Provided material →
"""

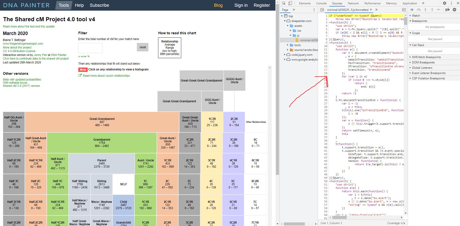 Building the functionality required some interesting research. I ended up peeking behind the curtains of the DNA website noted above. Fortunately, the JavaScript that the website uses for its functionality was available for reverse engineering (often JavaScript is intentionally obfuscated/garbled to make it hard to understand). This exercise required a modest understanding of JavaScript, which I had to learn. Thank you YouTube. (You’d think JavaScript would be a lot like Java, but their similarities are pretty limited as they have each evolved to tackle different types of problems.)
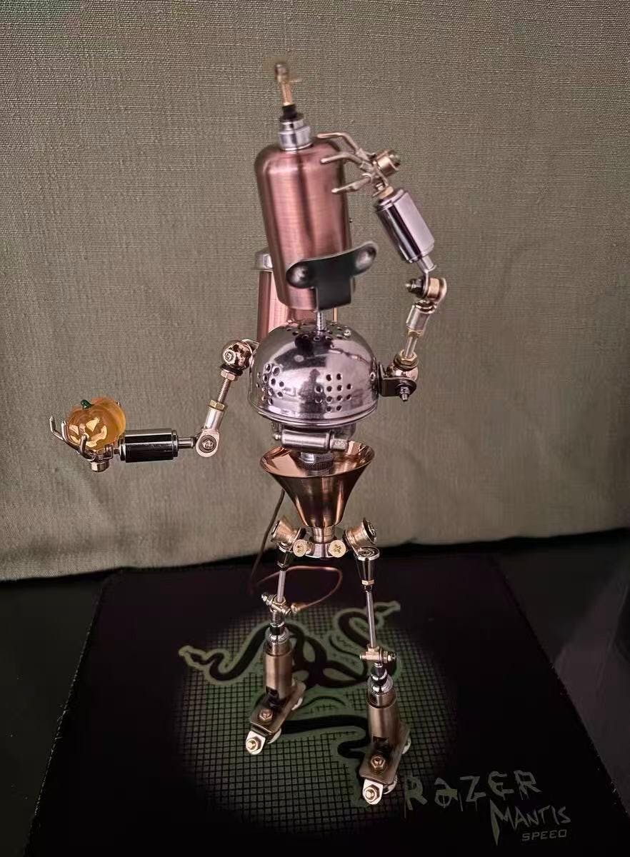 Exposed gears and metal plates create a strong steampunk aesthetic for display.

"""
"""

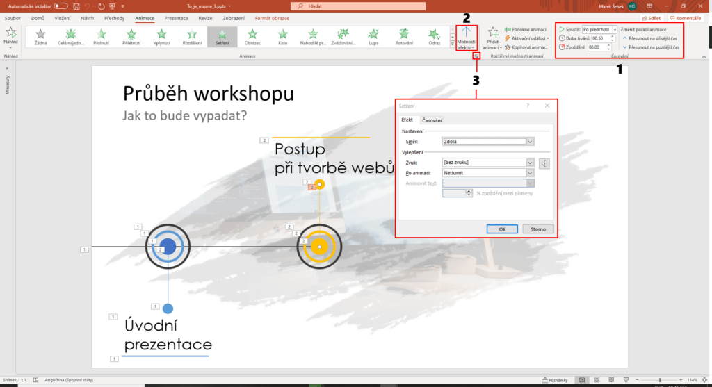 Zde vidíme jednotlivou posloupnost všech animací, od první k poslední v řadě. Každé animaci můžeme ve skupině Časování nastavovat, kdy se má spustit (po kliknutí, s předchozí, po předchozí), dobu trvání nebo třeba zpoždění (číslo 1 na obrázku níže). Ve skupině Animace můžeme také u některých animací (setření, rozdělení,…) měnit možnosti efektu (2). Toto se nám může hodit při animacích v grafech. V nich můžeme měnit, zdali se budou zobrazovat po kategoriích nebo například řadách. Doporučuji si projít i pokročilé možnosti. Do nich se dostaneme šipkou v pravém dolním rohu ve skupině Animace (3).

"""

What is expected → Reproduce the listing above only between the lines holding "Building the functionality" and "Exposed gears and", inclusive. Every line must match exactly, and pictures are dropped.

Result below →
 Building the functionality required some interesting research. I ended up peeking behind the curtains of the DNA website noted above. Fortunately, the JavaScript that the website uses for its functionality was available for reverse engineering (often JavaScript is intentionally obfuscated/garbled to make it hard to understand). This exercise required a modest understanding of JavaScript, which I had to learn. Thank you YouTube. (You’d think JavaScript would be a lot like Java, but their similarities are pretty limited as they have each evolved to tackle different types of problems.)
 Exposed gears and metal plates create a strong steampunk aesthetic for display.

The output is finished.